Your objective: Below are the records; give again exactly the lines from the one containing "精科產學合作平台109年度研習或研究課程表" through the one containing "1/4 ct. t.w.", leaving out pictures.

Listed entries:

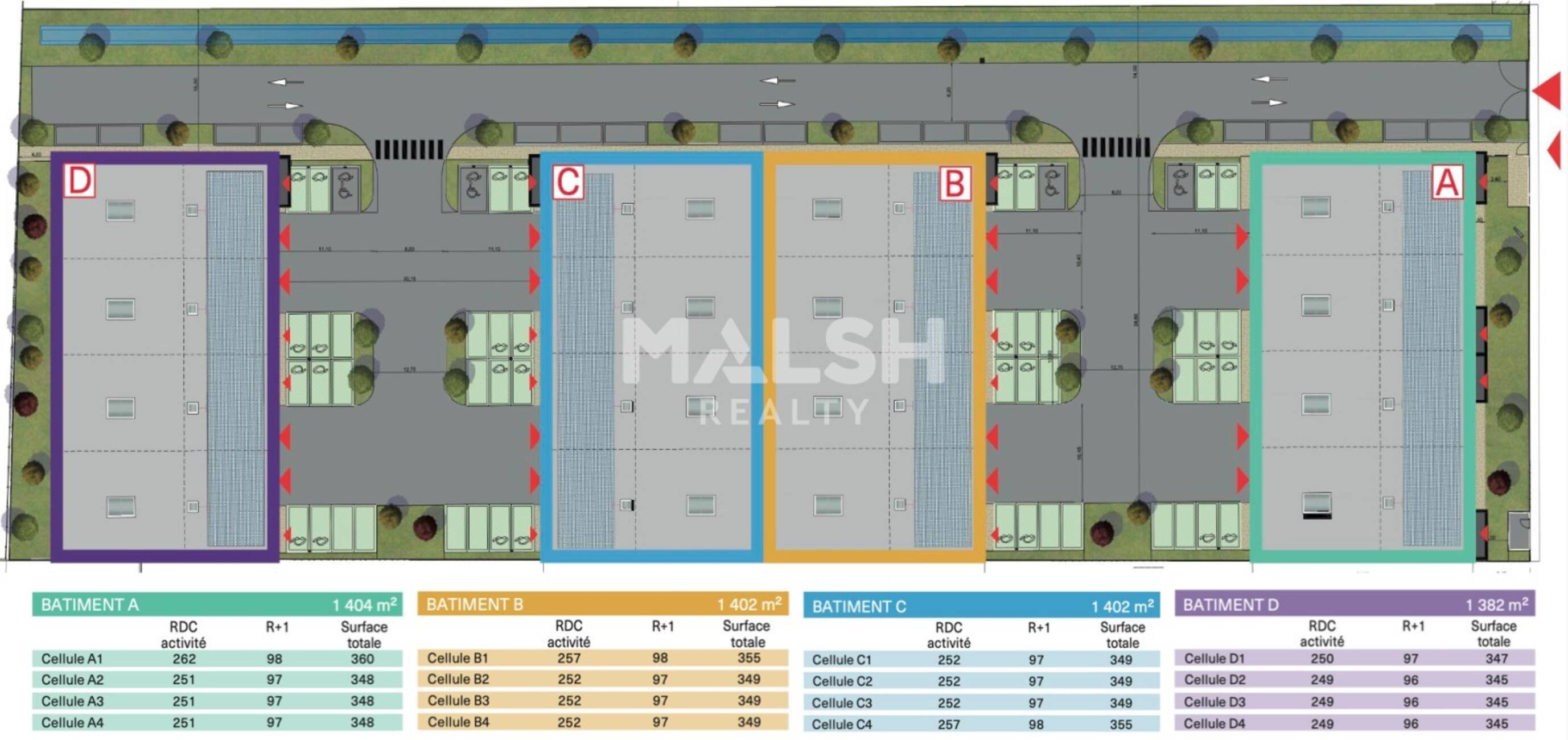 MALSH Realty & Property vous propose à la vente au sein d'un nouveau parc d'activités clos et sécurisé composé de 4 bâtiments, des locaux d'activités neufs d'une surface totale d'environ 5590 m² divisibles en plusieurs lots à partir de 345 m². Vente VEFA en locaux aménagés en open-space + sanitaire RDC et R+1. Le site dispose d'un accès pour les camions de 19 tonnes et de nombreuses places de parking extérieures.
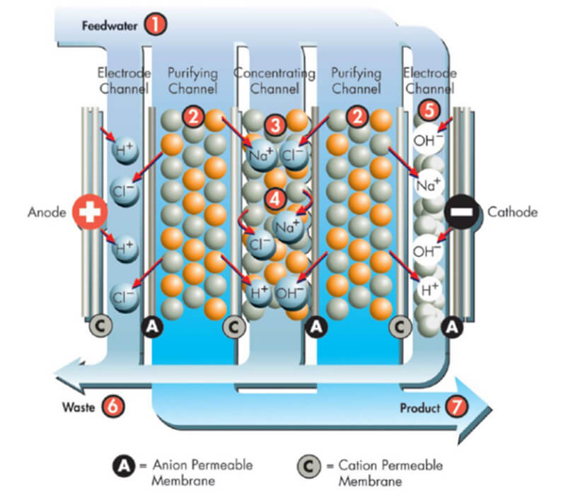 The combination of reverse osmosis and EDI has overcome the deficiency that reverse osmosis effluent cannot be deeply desalted, and further removed trace carbon dioxide, residual salt, silicon dioxide, boron and total organic carbon plasma in RO water, greatly improving the quality of purified water.
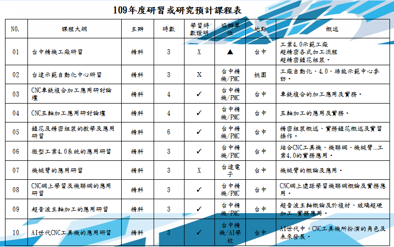 精科產學合作平台109年度研習或研究課程表
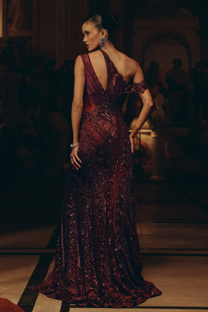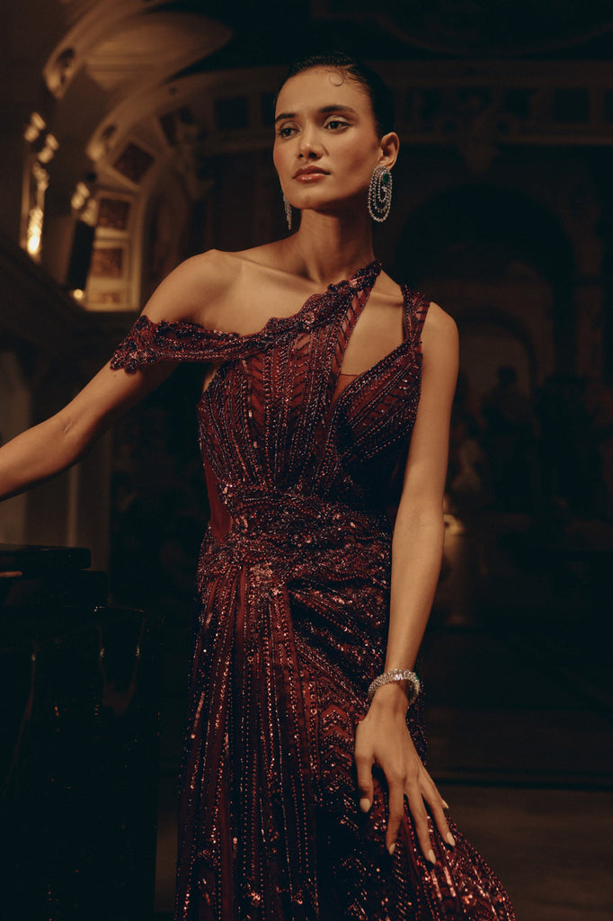 Drenched in the richness of deep wine tones, this embellished gown captures the drama of couture evenings. The asymmetric neckline with off-shoulder detailing and sculpted drapes accentuates bold femininity, while the shimmering hand- embroidered sequins create an aura of radiance with every step.
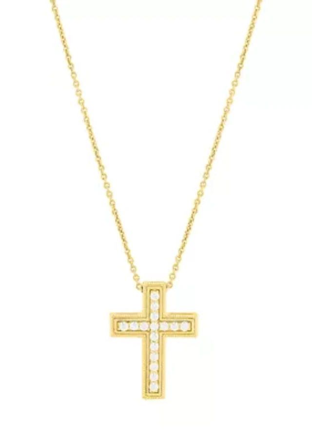 1/4 ct. t.w. Lab Grown Diamond Cross Pendant with 18'' Cable Chain in Gold over Sterling Silver
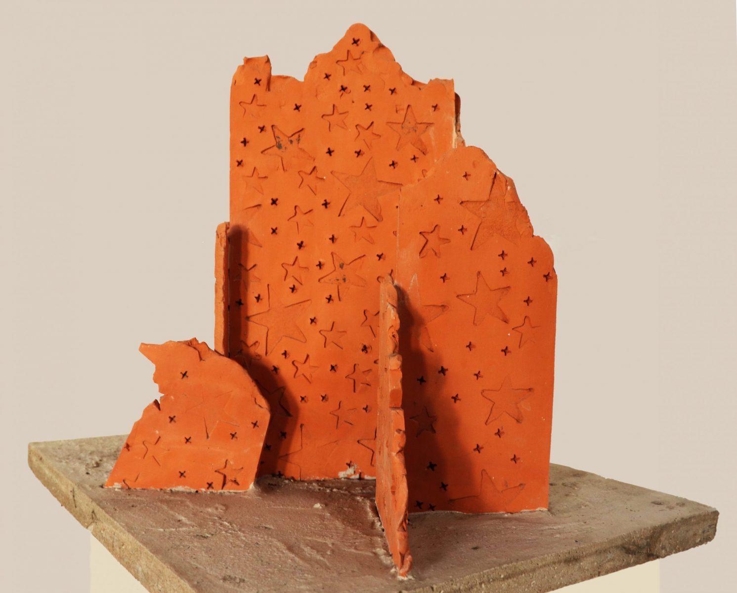 Bien plus tard, Brigaudiot, dans une de ses installations de très vastes dimensions réalisée à l’Abbaye de Beaulieu en Rouergue, Centre d’Art Contemporain, offerte à l’association Le Collège des Arts constituée d’artistes plasticiens et de philosophes pour plusieurs sessions d’été. Brigaudiot demanda à une artiste œuvrant dans le domaine de la céramique d’exécuter une série de têtes de morts destinées à faire partie d’une installation. La proximité de cette artiste lui permet quelques expériences en céramique, en harmonie, à la fois  avec la période des étoiles et avec les œuvres en 3D de la période Airports.

Result of the task:
 精科產學合作平台109年度研習或研究課程表
 Drenched in the richness of deep wine tones, this embellished gown captures the drama of couture evenings. The asymmetric neckline with off-shoulder detailing and sculpted drapes accentuates bold femininity, while the shimmering hand- embroidered sequins create an aura of radiance with every step.
 1/4 ct. t.w. Lab Grown Diamond Cross Pendant with 18'' Cable Chain in Gold over Sterling Silver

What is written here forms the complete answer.